На темной коже профессорского лба резче обозначились все морщины.
- Если бы эта раковина действительно находилась в здешнем карьере с самого начала, то для геологии как науки этот факт был бы величайшим... несчастьем. Да, несчастьем, ибо он начисто опроверг бы все наши знания относительно поверхностных отложений в графствах Средней Англии. Наука, мой дорогой Дарвин, состоит прежде всего из суммирования фактов. Только при этом условии оказывается возможным сформулировать те или иные выводы или, иначе говоря, законы.
Чарлз весьма редко осмеливался возражать старшим, но на этот раз он был несколько задет тем, что его осадили на глазах у всей семьи.
- Уверен, что вы правы, профессор. Но у меня перед глазами так и стоят полки над очагом, которые я видел у нас в округе. Во многих домах украшением для них служат точно такие же раковины. Нельзя же в самом деле предположить, что кто-то каждый раз ронял их у порога этих домов. Даже в том, почти невероятном, случае, если допустить, что раковины эти доставлены в наши края каким-то судном, плававшим в тропических морях, держу пари, что здешние крестьяне не раскошелились бы и на полпенса, чтобы их купить.
Седжвик вымученно улыбнулся.
- Не переживайте. Все, кто учится, совершают ошибки. Примером могу служить я сам. Знаете ли вы, что меня всю жизнь изводили насмешками из-за моего убеждения, ЧУО те перемены, которые мы наблюдаем на земной поверхности, способно было произвести всего одно большое наводнение, или Всемирный потоп? В 1825 году я даже опубликовал статью, в которой изо всех сил стремился доказать абсолютнейшую реальность подобной катастрофы в сравнительно недавнем прошлом естественной истории Земли...

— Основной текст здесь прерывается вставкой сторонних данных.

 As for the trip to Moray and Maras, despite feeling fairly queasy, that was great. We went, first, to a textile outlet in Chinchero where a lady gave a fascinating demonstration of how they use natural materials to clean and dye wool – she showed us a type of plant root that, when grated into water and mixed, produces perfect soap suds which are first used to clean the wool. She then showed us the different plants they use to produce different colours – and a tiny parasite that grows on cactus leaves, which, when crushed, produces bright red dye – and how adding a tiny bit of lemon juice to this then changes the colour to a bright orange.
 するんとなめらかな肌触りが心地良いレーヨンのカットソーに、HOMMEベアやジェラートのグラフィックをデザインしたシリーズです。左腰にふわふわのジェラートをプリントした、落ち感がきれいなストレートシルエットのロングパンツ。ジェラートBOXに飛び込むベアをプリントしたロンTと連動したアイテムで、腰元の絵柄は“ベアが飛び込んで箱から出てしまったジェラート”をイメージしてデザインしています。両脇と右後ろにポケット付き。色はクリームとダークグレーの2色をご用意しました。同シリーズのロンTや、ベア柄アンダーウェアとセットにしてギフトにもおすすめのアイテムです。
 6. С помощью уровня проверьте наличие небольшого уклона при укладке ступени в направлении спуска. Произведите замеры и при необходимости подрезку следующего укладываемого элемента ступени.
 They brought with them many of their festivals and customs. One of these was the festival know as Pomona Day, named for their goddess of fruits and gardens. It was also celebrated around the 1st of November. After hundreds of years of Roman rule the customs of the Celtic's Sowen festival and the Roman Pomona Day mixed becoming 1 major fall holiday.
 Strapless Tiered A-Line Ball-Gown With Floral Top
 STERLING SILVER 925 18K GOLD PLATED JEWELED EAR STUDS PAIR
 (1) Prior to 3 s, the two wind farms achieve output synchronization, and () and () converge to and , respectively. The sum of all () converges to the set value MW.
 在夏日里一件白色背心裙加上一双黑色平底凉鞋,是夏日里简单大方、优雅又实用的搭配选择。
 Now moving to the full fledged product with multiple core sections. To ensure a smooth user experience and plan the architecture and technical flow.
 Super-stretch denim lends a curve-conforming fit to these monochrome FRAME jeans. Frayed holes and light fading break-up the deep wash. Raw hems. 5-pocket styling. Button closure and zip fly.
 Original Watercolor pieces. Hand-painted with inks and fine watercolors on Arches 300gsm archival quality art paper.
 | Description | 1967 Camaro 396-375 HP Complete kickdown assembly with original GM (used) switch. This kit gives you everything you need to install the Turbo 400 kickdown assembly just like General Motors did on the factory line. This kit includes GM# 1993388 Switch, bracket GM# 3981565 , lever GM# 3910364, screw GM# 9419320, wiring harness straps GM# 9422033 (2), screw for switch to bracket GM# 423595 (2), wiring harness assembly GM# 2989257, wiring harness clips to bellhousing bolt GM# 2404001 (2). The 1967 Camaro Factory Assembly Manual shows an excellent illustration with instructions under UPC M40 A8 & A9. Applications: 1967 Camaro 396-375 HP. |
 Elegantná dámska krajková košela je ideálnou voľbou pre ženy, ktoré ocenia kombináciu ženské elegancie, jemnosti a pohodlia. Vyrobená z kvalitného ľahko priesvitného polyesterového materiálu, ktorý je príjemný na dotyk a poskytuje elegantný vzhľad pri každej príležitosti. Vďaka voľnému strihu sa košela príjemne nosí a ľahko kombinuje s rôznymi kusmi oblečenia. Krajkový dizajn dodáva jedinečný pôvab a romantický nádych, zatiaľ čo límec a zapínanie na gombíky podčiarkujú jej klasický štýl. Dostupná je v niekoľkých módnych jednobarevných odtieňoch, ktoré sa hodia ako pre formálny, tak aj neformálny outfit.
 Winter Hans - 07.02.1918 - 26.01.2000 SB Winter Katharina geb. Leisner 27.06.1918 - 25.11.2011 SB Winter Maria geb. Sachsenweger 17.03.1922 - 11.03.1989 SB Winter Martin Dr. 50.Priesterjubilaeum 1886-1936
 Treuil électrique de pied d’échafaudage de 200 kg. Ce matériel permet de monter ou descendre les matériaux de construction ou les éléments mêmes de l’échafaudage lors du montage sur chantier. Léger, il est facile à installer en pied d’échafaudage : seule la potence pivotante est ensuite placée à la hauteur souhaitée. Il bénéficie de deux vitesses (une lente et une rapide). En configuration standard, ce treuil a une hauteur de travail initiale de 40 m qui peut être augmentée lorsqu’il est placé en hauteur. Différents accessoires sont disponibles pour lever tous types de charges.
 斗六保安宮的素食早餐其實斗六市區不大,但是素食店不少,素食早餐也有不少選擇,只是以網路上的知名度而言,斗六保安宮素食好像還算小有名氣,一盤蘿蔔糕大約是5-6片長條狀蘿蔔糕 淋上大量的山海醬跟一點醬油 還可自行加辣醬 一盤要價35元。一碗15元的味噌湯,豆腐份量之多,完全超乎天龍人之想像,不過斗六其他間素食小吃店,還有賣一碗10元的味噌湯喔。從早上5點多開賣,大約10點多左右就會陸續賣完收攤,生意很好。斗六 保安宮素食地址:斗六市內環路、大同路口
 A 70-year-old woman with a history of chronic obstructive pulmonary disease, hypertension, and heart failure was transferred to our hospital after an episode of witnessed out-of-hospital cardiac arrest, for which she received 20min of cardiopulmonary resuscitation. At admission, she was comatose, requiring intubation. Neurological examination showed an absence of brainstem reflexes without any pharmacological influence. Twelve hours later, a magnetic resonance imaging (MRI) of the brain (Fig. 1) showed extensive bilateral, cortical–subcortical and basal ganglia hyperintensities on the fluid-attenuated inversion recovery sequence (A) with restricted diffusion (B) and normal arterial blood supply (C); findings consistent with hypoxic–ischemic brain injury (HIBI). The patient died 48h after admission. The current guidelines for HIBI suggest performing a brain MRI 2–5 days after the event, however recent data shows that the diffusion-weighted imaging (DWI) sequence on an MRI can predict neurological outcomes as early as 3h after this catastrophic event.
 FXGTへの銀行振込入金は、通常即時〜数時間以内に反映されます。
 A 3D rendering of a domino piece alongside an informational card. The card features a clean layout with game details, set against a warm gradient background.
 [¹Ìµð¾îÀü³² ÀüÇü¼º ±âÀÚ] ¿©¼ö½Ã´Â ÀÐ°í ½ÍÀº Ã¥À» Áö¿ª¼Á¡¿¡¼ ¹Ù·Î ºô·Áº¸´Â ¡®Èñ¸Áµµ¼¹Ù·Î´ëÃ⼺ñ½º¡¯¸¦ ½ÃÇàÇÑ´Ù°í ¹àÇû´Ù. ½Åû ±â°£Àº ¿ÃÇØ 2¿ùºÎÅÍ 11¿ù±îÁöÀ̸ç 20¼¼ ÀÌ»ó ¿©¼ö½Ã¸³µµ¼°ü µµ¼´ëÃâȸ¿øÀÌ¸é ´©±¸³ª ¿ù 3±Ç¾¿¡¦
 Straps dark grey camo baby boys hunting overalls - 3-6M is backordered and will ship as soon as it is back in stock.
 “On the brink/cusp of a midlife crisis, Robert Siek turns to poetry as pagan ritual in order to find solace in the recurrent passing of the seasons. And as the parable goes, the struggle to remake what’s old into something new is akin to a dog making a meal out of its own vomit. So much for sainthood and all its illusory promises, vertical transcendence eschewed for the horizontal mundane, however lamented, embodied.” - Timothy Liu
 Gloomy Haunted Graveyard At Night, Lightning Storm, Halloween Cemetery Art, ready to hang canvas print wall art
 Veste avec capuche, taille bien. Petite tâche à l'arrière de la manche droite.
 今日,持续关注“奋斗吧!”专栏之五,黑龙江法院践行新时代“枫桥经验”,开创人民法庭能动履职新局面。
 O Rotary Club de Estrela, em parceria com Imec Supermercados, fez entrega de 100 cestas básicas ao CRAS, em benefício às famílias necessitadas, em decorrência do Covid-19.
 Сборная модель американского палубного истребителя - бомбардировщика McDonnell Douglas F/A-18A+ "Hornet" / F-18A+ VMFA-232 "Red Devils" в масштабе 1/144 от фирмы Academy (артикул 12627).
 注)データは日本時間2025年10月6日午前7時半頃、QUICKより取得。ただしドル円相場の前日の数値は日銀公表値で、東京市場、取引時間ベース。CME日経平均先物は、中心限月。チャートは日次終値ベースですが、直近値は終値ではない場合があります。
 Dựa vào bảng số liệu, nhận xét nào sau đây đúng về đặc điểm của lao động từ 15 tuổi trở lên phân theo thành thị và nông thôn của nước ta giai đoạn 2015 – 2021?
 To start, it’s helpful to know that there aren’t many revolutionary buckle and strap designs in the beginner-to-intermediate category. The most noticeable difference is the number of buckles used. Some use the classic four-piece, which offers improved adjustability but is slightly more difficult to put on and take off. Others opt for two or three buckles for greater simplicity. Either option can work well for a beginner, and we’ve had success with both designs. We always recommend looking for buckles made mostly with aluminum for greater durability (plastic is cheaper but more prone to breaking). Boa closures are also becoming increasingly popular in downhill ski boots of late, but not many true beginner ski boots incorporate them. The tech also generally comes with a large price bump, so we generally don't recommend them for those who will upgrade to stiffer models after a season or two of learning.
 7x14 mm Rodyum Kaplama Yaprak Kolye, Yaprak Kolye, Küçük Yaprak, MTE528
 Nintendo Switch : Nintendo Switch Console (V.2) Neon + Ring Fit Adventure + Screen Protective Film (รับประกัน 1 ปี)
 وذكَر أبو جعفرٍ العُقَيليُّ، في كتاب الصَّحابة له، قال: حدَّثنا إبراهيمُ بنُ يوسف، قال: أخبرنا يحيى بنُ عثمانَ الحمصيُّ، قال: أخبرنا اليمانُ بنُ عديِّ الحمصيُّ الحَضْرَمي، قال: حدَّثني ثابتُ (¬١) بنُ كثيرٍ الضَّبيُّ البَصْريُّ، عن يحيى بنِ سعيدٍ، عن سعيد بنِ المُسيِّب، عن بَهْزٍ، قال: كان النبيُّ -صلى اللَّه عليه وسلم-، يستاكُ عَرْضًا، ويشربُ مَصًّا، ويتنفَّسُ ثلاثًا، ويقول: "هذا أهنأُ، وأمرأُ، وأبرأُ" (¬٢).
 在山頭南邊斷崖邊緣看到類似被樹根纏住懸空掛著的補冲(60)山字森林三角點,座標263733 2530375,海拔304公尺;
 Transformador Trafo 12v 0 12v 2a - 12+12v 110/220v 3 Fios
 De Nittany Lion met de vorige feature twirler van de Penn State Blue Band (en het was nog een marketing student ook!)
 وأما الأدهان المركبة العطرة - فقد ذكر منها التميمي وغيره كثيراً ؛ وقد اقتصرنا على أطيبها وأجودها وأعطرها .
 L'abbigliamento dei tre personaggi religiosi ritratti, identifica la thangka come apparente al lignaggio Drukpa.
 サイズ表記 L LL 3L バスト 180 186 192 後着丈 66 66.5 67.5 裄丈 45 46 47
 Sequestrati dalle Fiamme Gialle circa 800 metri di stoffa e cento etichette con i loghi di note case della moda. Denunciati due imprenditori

В ответ на замечание профессора отец Чарлза и сестры утвердительно закивали головами. Они не находили в таком взгляде на мир ничего предосудительного. Разве в Библии, в шестой главе книги Бытие, не говорилось буквально: "И увидел господь... что велико развращение человеков на земле... И сказал господь: истреблю с лица земли человеков, которых я сотворил, от человека до скотов, и гадов и птиц небесных истреблю, ибо я раскаялся, что создал их".
Один только Чарлз никак не выражал своего согласия. От профессора Генсло ему стало известно о поистине революционном выступлении, совсем недавно предпринятом Адамом Седжвиком перед своими коллегами.
- В феврале этого года, - продолжал Седжвик, - когда я ушел с поста президента Геологического общества, то признал свое прошлое заблуждение. Дело в том, что мои суждения основывались не на обнаруженных мною самим свидетельствах ископаемой органической жизни, а на совершенно некритической вере в незыблемость библейских догматов. Сейчас я пришел к признанию того, что произошел вовсе не один какой-то потоп, а целая серия катастроф, изменивших земную поверхность. Все это в конечном счете и определило нынешнее расположение пород, так же как и их химический состав.